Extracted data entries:
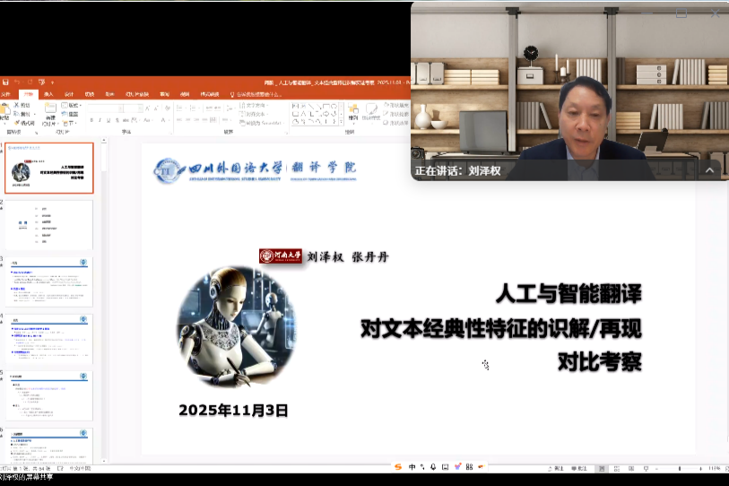 11月3日晚,河南大学刘泽权教授受邀线上开展了“人工与智能翻译对文本经典性特征的识解呈现对比考察”的学术讲座。来自全国多所高校近三百余名师生参与本场讲座,现场氛围专业严谨而不失轻松活跃。翻译协会会长赵新雷主持讲座。
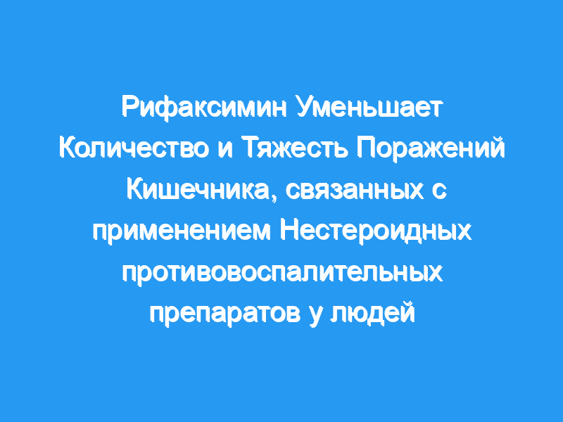 Мы обнаружили разрывы слизистой оболочки у 20% субъектов, получавших рифаксимин, и у 43% субъектов, получавших плацебо (P = .05 в анализе чувствительности post hoc). Ни у одного из пациентов в группе рифаксимина не развились большие повреждения, по сравнению с 9 пациентами в группе плацебо (P <, .001). Наши результаты показывают, что кишечные бактерии способствуют развитию энтеропатии, связанной с НПВП, у человека.
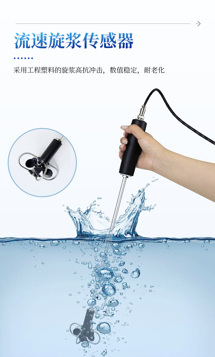 LS300-B型便携式流速流量仪可搭配流速传感器使用,该传感器旋浆螺旋角、螺距、制作工艺和材料等分别进行了重新设计。测量明渠流速流量等参数。
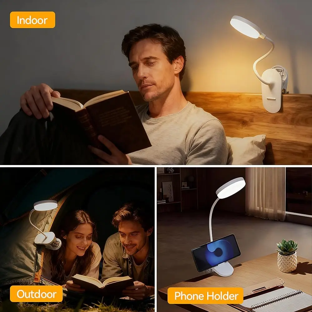 🛏️Bed: Clip on headboard for reading in bed, soft light won't disturb your partner.
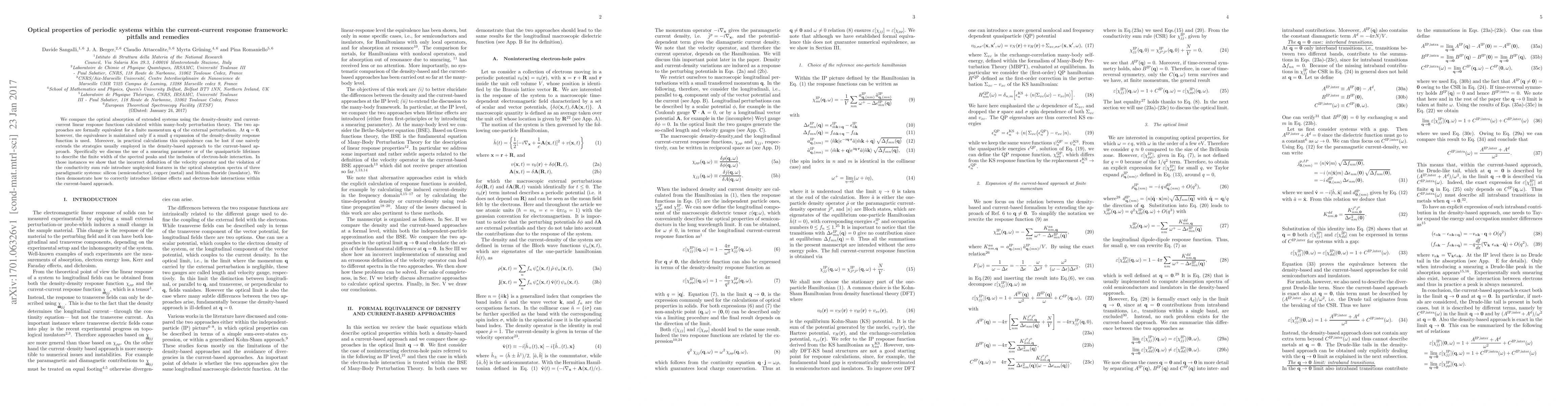 Researchers investigated the optical properties of periodic systems using two approaches: density-density and current-current linear response functions. They found that a small q expansion is necessary for equivalence at q=0 and highlighted incorrect definitions and violations in the conductivity sum rule as leading to unphysical features in optical absorption spectra.
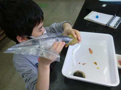 ヨウ素液を使ってジャガイモにデンプンがあるかを確かめます。「感光器」というセンサーを使い、音でヨウ素液の色の変化をチェック!
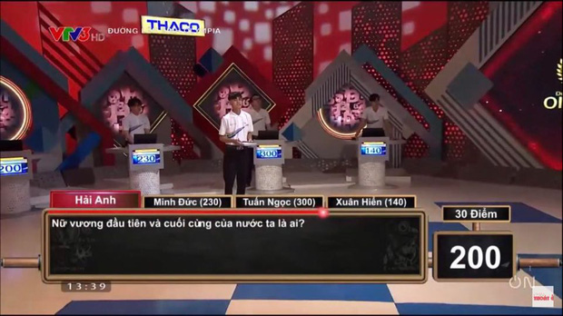 Câu hỏi có giá trị 30 điểm trên đã làm khó toàn bộ thí sinh tham gia cuộc đua. Trong khi nam sinh Hải Anh trả lời là Lý Chiêu Hoàng, những tưởng sẽ chắc chắn đúng nhưng MC của chương trình lại thông báo kết quả là sai. Tiếp đó, cậu bạn Tuấn Ngọc đang giữ vị trí nhất đoàn đua bấm chuông và giành quyền trả lời. Đáp án cậu bạn này đưa ra là Lý Chiêu Hoàng và Trưng Trắc. Tuy nhiên, đáp án vẫn không được chấp nhận.

THE PROBLEM: Begin at the line in the entries above that has "Мы обнаружили разрывы", stop after the line that has "LS300-B型便携式流速流", and output exactly those lines without pictures.

OUTPUT OF THE TASK:
 Мы обнаружили разрывы слизистой оболочки у 20% субъектов, получавших рифаксимин, и у 43% субъектов, получавших плацебо (P = .05 в анализе чувствительности post hoc). Ни у одного из пациентов в группе рифаксимина не развились большие повреждения, по сравнению с 9 пациентами в группе плацебо (P <, .001). Наши результаты показывают, что кишечные бактерии способствуют развитию энтеропатии, связанной с НПВП, у человека.
 LS300-B型便携式流速流量仪可搭配流速传感器使用,该传感器旋浆螺旋角、螺距、制作工艺和材料等分别进行了重新设计。测量明渠流速流量等参数。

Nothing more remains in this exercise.